I would like to create a sorted heatmap around a single gene region, across over 1600 experimental samples. In each experiment, a TF has been knocked down in a cell line. I have processed the data and normalized the samples against a negative control for each replicate plate. I now have normalized bigwig files.

I would like to make a heatmap in which each signal line comes from a different bigwig file in my sample library. The region would be the same for every line, my gene of interest. Using this, I could sort the experiments by which had a strong effect on my gene.

This seems like a useful function to add to an analysis suite such as Deeptools. I will try to implement a solution myself. But I am certain someone here can come up with a more elegant and integrated solution that I could.

Thank You for your consideration. -Keller

rna-seq chip-seq deeptools • 295 views
ADD COMMENTlink modified 7 months ago by Alex Reynolds26k • written 9 months ago by keller.mckowen10
gravatar for Alex Reynolds
7 months ago by
Alex Reynolds26k
Seattle, WA USA
Alex Reynolds26k wrote:

Make a custom track in the UCSC Genome Browser, setting bigWig-sourced signal tracks in "dense" mode, and arrange or sort tracks in your desired ordering. Signal for each row is taken from your bigWig files.

The "dense" mode will give you a figure very heatmap-like in appearance, e.g.:

enter image description here

You can modify the custom track to add color to rows on a per-signal basis. You might assign colors to groups or categories of sample types/conditions/treatments/etc.

If there are annotation tracks you want to add, you can put them into the browser.

Once you have your browser and custom track file arranged the way you want, you can use a tool like to generate a gallery of browser snapshots, taken at each position in an input BED file.

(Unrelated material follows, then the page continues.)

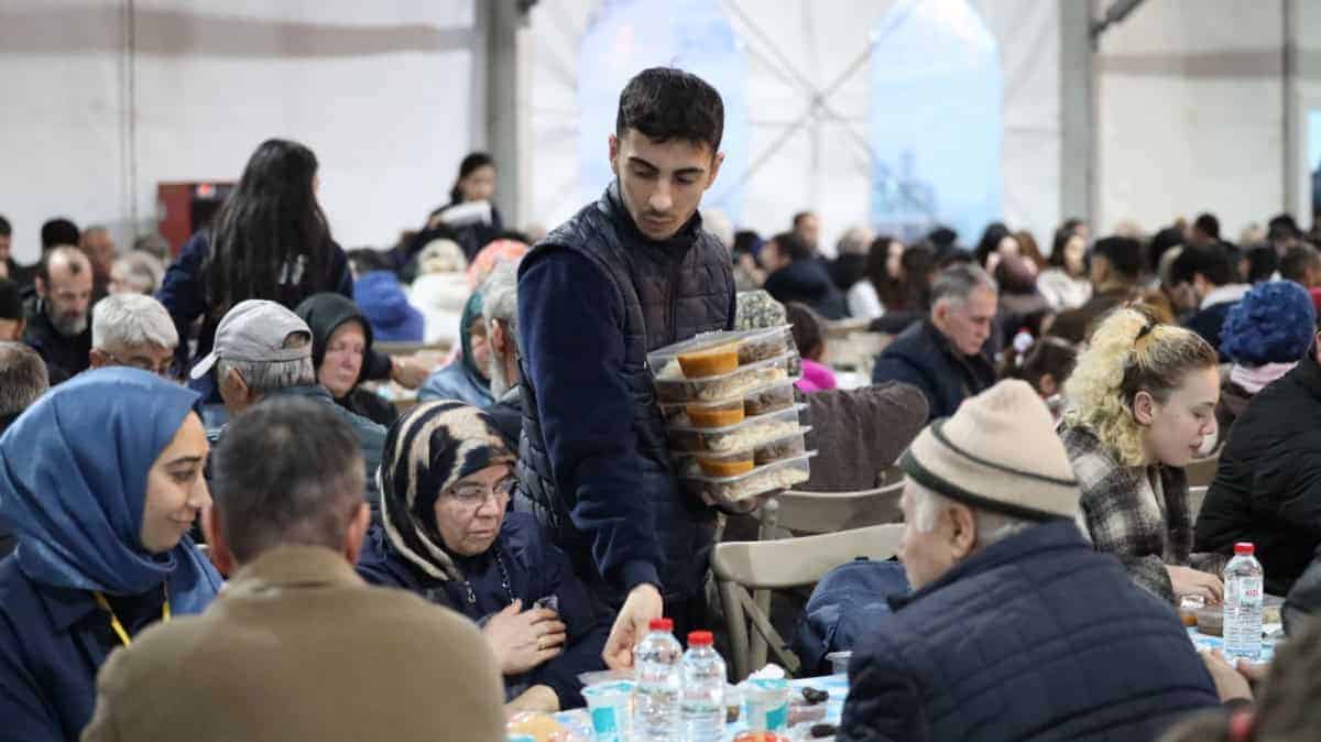 İftar saatine yaklaşırken, Ramazan Çadırı önünde uzun kuyruklar oluşuyor. Çocuklar, gençler ve aileler, Ramazan’ın manevi atmosferini birlikte yaşama fırsatı buluyor. Yoğun ilgi nedeniyle çadırda yer kalmadığında, dış alanda da iftar sofraları kuruluyor. Her yaştan vatandaşın buluştuğu kardeşlik sofrasında, birlik, beraberlik ve paylaşma duyguları öne çıkıyor. Oluşan sıcak ve samimi ortam, Ramazan’ın ruhunu en iyi şekilde yansıtıyor.

This can be a single region, per your question, or multiple regions. For example, to make the figure above, I simply echo'ed an ad-hoc BED interval to a text file called adHoc.bed, and used that as my input:

$ echo -e "chr9\t133252000\t133280861" > adHoc.bed

If you have multiple regions of interest, this input BED file does not need to be in sort-bed order. Often it is useful to sort regions by other criteria, such as ID value in the fourth column, or score or signal value in the fifth column. This determines the order of snapshots in the gallery.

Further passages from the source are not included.